Core Concepts
The author reports benchmarking results of deep learning models on the MLCommons CloudMask Benchmark, highlighting the best model's performance and computational efficiency.
Abstract
This paper discusses the evaluation of deep learning models on the MLCommons CloudMask Benchmark, focusing on cloud masking in atmospheric sciences. The study presents benchmarking results, model comparisons, and computational performance metrics. Various methods, including rule-based and deep learning techniques, are analyzed for cloud masking tasks using satellite images from Sentinel-3. The study emphasizes accuracy, training time, and inference time as key evaluation criteria. The authors provide insights into the challenges and advancements in cloud masking algorithms using AI technologies.
Stats
Our benchmarking results include the highest accuracy achieved on the NYU system.

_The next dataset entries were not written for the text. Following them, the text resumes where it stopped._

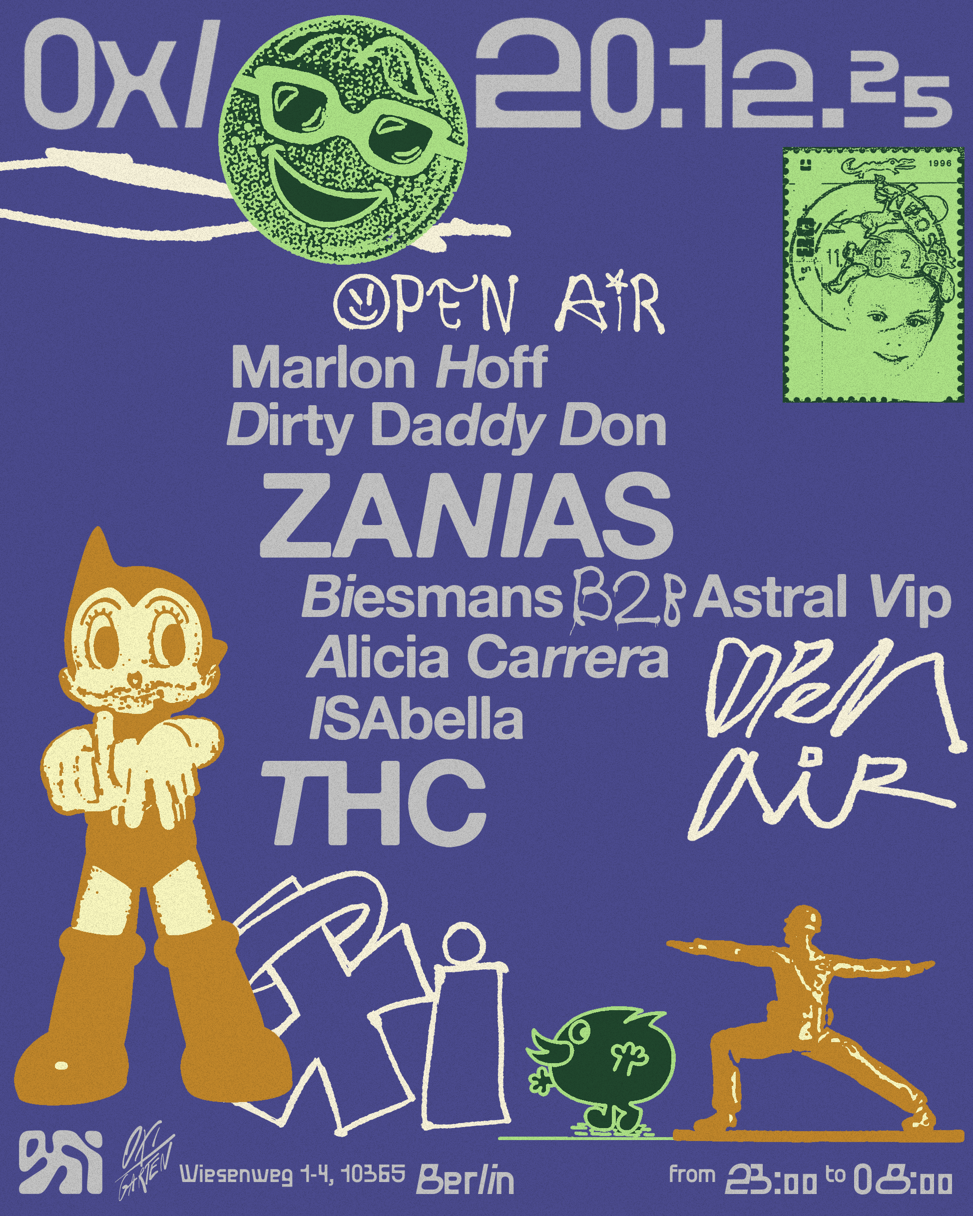 OXI’s visual identity blends digital and analog with an eclectic, retro, and comic-inspired style, creating a friendly, festive vibe that matches the club’s energy. Each month, three key colors drive visual cohesion, evolving with time.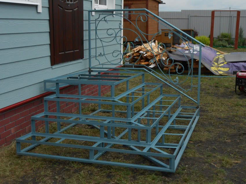 - Устанавливают опоры из трубы, уголки и профили, изготавливают каркас площадки крыльца, затем подготавливают тетиву из швеллера или металлического уголка. Последний также применяется для изготовления ступеней.
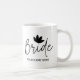 Taza de Café Bodas de Novia Elegantes Personalizadas. Totalmente Personalizable. ¡Tazas de Café para Novias con estilo y modernas! Obtenga tazas de café para la fiesta de bodas, un gran accesorio para los elementos esenciales de ese día especial. Esta taza de café de Novia de Boda presenta la palabra ''Novia'' en un estilo de letra elegante y con estilo con flores negras en la parte superior. Debajo de este diseño está el nombre que puede personalizar fácilmente con el nombre o iniciales de su novia.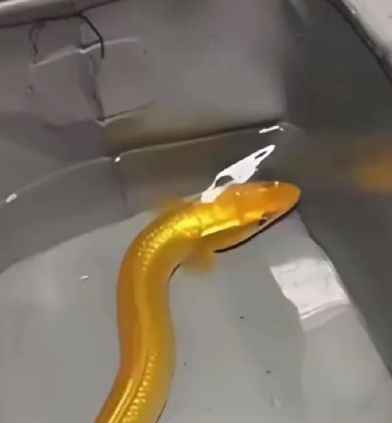 福建一男子野外钓到奇怪生物,刚开始他以为是一条罕见的黄鳝,也没有多想。回到家后才发现这根本就不是黄鳝。 虽然从体型来看跟黄鳝很相似,但是这条生物的嘴明显要尖一些,颈部两侧各有一片小小的翅膀,而且仔细观看还会发现,这生物的背部好像还长着若有若无的鳞片。 有见过这种生物的网友吗?这到底是个什么生物哟!搞的我都想去福建抓黄鳝了。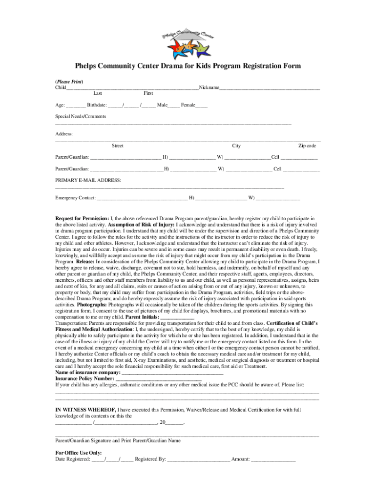 Phelps Community Center Drama for Kids Program Registration Form (Please Print) Child Nickname Last First Age: Birthdate: / / Male Female Special Needs/Comments Address: Street City Zip code Parent/Guardian:

The dataset consists of 1070 images captured at day and night with dimensions 1200 x 1500.
The cloud masking benchmark contains 180 GB worth of satellite image data.
The U-Net model is used for image segmentation in cloud masking tasks.
The average accuracy achieved over five runs is 0.889.
Quotes
"MLCommons Science Working Group has developed four scientific benchmarks in varying fields."
"Deep learning techniques have shown superior performance in generating cloud masks."
"The reference implementation uses a U-Net model for image segmentation."